The theme for IMLD 2015 is ‘Inclusion in and through education: Language counts.’ It is logical that the native language can survive only if it continues to be taught to the younger generations. For promoting and preserving linguistic diversity globally, the Linguapax Institute, in Barcelona, Spain has been annually presenting the Linguapax Prize on this day each year to those who have done outstanding work in the fields of linguistic diversity or multilingual education.

With an increasing number of people reluctant to study in indigenous languages, over 3,000 languages are spoken by fewer than 10,000 people each. About 417 languages are already on the verge of extinction. It is, therefore, imperative that the task of reviving regional languages is accorded due priority in international and national development targets.
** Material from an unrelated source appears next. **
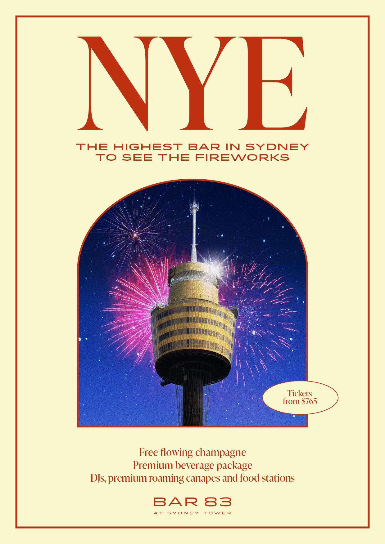 Promotional rollout for Sydney Tower’s 2024/25 NYE celebrations, including in-venue posters, EDMs, and social media animations for three distinct brands. The event sold out in record time.

UNESCO’s former Goodwill Ambassador for Language Vigdis Finnbogadotter had said, “Everyone loses if one language is lost because then a nation and culture lose their memory, and so does the complex tapestry form which the world is woven and which makes the world an exciting place.”
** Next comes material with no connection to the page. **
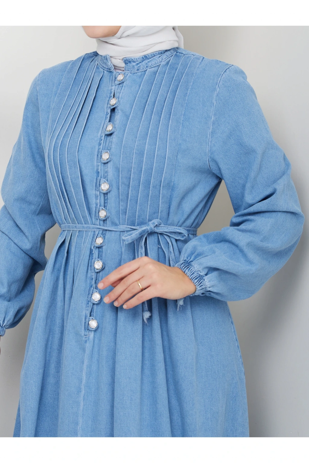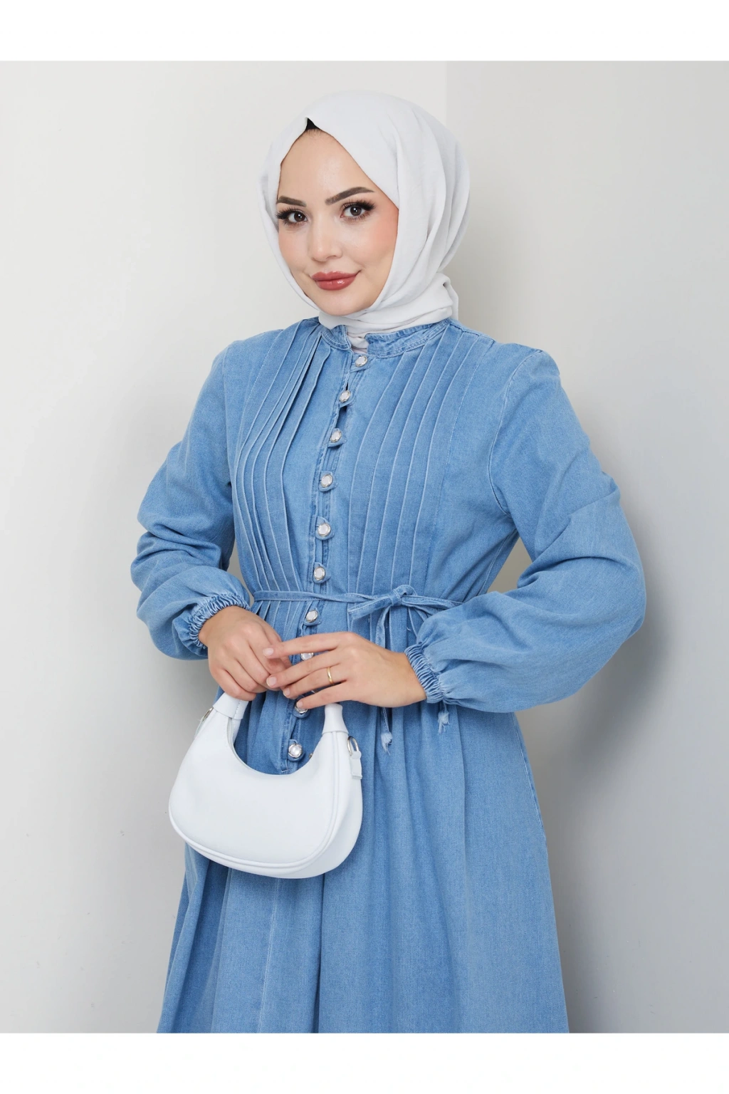 KADIN DRAPELI DÜĞMELI PİLİSELİ KOT ELBİSE

Fascination for foreign language, especially English, and the politicisation of language issue have been the major barriers to the growth of native languages. To maintain its exclusivity, a pro-English section of academia has long been resorting to tactics to arrest the growth of regional languages.

Pro-native stand

Various linguistic studies have conclusively demonstrated that proficiency in one or more additional languages in childhood does not negatively impact proficiency in mother tongue. Endorsing the pro-native stand, Jnanpith award winning novelist Bhalchandra Nemade held that while English language is instrumental in learning foreign cultures, it is not the best medium to understand Indian history and culture.

At the same time there are others who raise the issue of promoting regional language only to woo voters. Barring a few genuine efforts like those by Hyderabad-based Centre for Applied Linguistics and Translation Studies, which has been advocating progressive use of Odia in administrative, judiciary, business purposes and as a medium of instruction in schools, the ulterior purpose of such groups is political.

Another Jnanpith awardee contributing significantly for the cause of Kannada is UR Ananthamurthy, who was firmly of the view that making Kannada as the medium of instruction at the primary level in Karnataka will help children gain knowledge in the true sense of the word.

As a welcome measure to inculcate respect for indigenous language among students, the two apex bodies regulating the national educational planning and monitoring – University Grants Commission and Central Board of Secondary Education – have asked the schools to celebrate the Mother Language Day this year.

Instructions had been issued to universities and affiliated institutions to undertake year-long activities in line with intents of UNESCO, like song recitation, general knowledge quiz, elocution competition and essay writing to mark the occasion.

For those hesitant to send their children to vernacular medium schools, many studies have implicated delays in cognitive development to delay in learning mother tongue. Further, children with a solid foundation in their mother tongues fare better in literacy skills. Unless timely measures are taken to re-establish faith in indigenous values and in the preservation of languages, the development of our children shall remain skewed.